Applying for a protection order in a civil matter

Under the Code of Civil Procedure, the Superior Court can make an order to protect a person whose life, health or safety is threatened, in particular in a situation that involves violence.

You have the right to be protected from the actions of another person, even if he or she has not committed a crime. In some situations in which you believe that your life, your physical or mental health or your safety is threatened by another person, you may still be hesitant about filing a complaint with the police. In such a case you can apply to a judge of the Superior Court for a protection order in civil matters.

An organization or another person may apply for the order on your behalf, with your consent or with authorization from the court.

The order may be used to prevent another person from

  • injuring you;
  • injuring your spouse or child;
  • damaging your property;
  • damaging your home or land;
  • broadcasting private content (such as a video or photograph) without your consent.

The order can also require another person to

  • cease behaviour that is considered threatening, such as harassment, intimidation or psychological violence;
  • refrain from certain actions, such as asking you for money or forcing you to marry;
  • respect an obligation imposed by the court for your protection, for example requiring the other person to be accompanied by a third party during any visit.

In some cases, the protection order may include conditions. For example, the court may order the person who is a threat to you to

  • hand over his or her weapons to the police;
  • refrain from communicating with you;
  • refrain from giving information about you to a third party;
  • stay away from your home and any place you frequent, such as your workplace.

The court may, in addition, order the other person to return property to you or allow you to collect your personal belongings.

If you are housed by an organization, such as a seniors’ home or healthcare establishment, the court may require the other person to visit you only during the organization’s visiting hours, with supervision from a caseworker.

Procedure

The procedure for applying for a protection order is quite formal, because the application must be made to the court. If you are not represented by a lawyer, you must complete an application form that describes the facts of the situation and the action you are requesting from the court. Since you must prove the situation you have described and its negative impact on your life, health or safety, your application must include relevant documents such as a sworn statement from a witness or a medical report.
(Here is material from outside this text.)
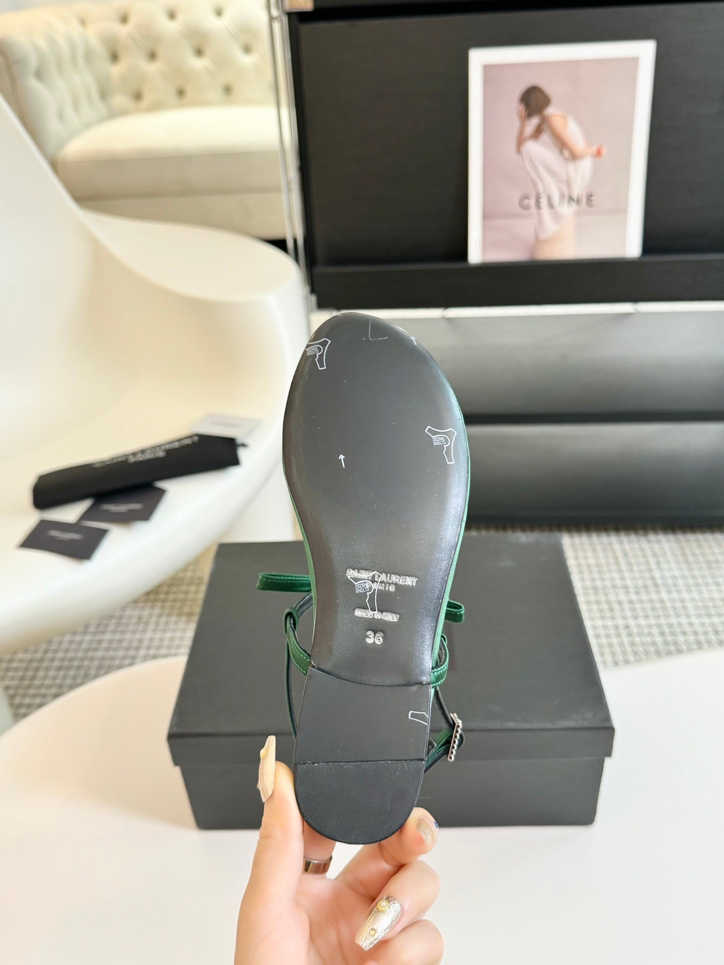 SL Silk Bow T-Strap Flat Sandals Green Leather

Your application must be filed at the office of the Superior Court and be served by a bailiff on the person whose behaviour is a threat to you.

Processing time

A protection order in civil matters can be obtained quickly, and the court may also issue it as a matter or urgency. In the latter case, you must demonstrate the urgency of the situation.

You can also apply to the court for an interlocutory injunction to end the threatening behaviour until the court has issued a permanent order.

Period of validity

A protection order is valid for the period determined by the court or for a maximum period of 3 years. However, an order issued as a matter of urgency is valid for 10 days.

Non-compliance with a protection order

If the person to whom an order applies fails to comply with it, you must file a new application with the court to have the person punished for contempt of court. You are responsible for proving non-compliance.

The other person may then be sentenced to

  • a fine;
  • community work; or
  • imprisonment for up to one year.